The House bill also blocks several regulatory proposals from the Securities and Exchange Commission. These proposals would include: climate risk and greenhouse gas disclosure; swing pricing for mutual funds; the safeguarding proposal; mandatory auctions for retail orders (the order competition Rule); Regulation Best Execution; and the update to stock price increments. These measures are absent in the Senate version.

The SEC and IRS would also receive cuts from their 2023 levels for fiscal 2024 under the House bill. The SEC’s budget would be cut by $170 million down to $2 billion, and the IRS by $1.1 billion down to $11.25 billion, in each case specifically targeting the enforcement budget. The IRS cuts come in addition to cutting the $80 billion in additional Inflation Reduction Act funding. The Senate bill appropriates $2.4 billion to the SEC.

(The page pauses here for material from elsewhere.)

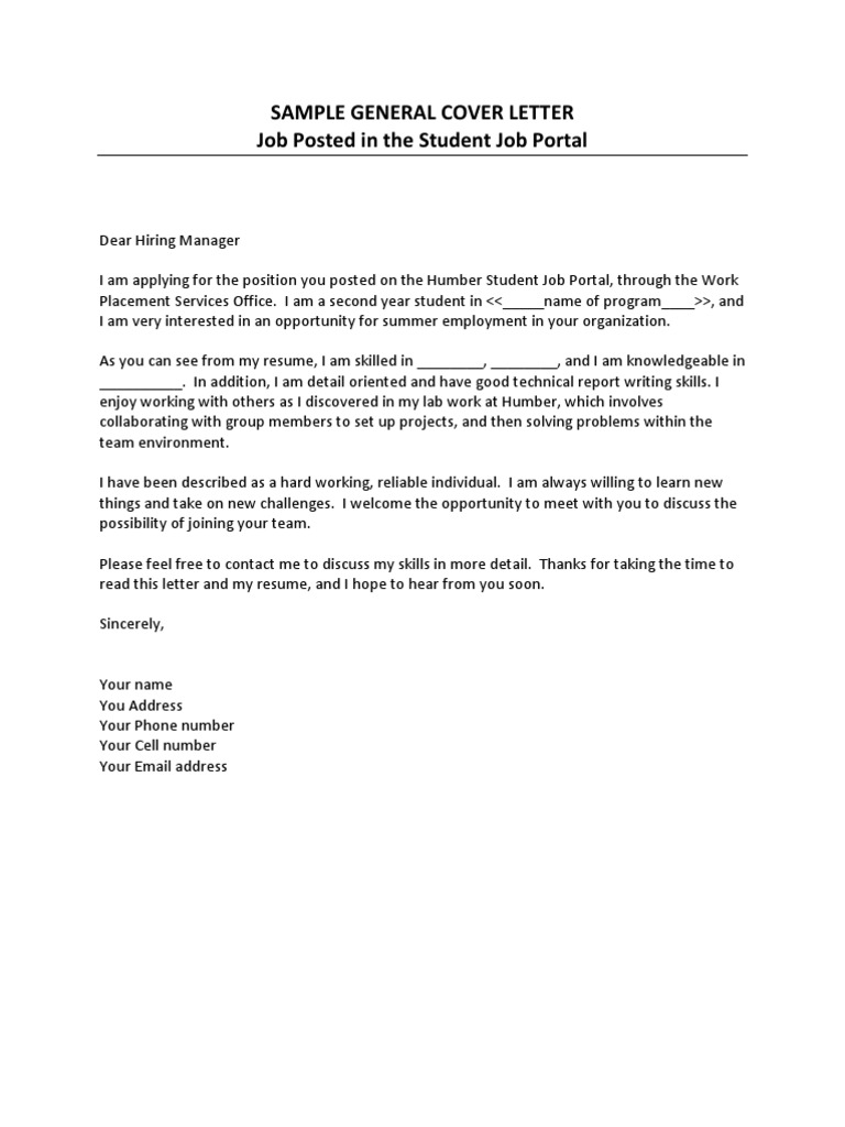 You can also check out our website if you need help or need more references to writing your own cover letteryou can also check our website for different types of hard copy cover letters. The language used should be simple and clear. Use our professional and persuasive free cover letter to help you write a powerful and winning cover letter for summer job or student opportunities. Dear mrmrsms name of the hiring manager subject.

The Senate version appropriates $1.884 billion to the Department of the Treasury, excluding the IRS, and the House version appropriates $1.793 billion.

The Senate spending bill appropriates $14 million to the Department of Labor so it can construct the “Lost and Found” database of retirement accounts, as mandated by the SECURE 2.0 Act of 2022. This provision is absent from the House version.

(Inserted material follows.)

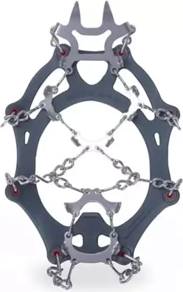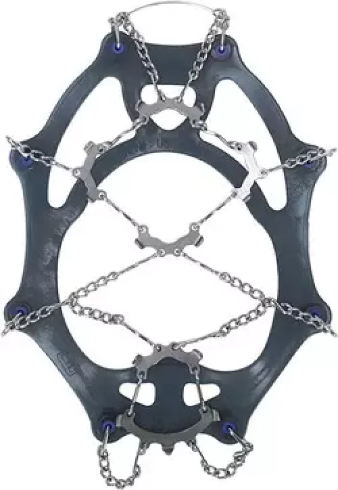 チェーンセントレイルは爪が非常に短く勾配の少ない登山道に適しており、13本爪のチェーンスパイクの中では2番目に軽いスペックです

The two competing bills also have very different views on telework. Federal teleworking is a frequent complaint among Congressional Republicans and the House bill demands federal agencies to return to pre-pandemic levels of office workers. The Senate bill on the other hand, instructs the SEC, FCC, and FTC to report the impact of telework on recruitment, retention, and performance to Congress.

The two bills will have to be reconciled before being passed in each legislative chamber, then sent to Biden for his signature or veto.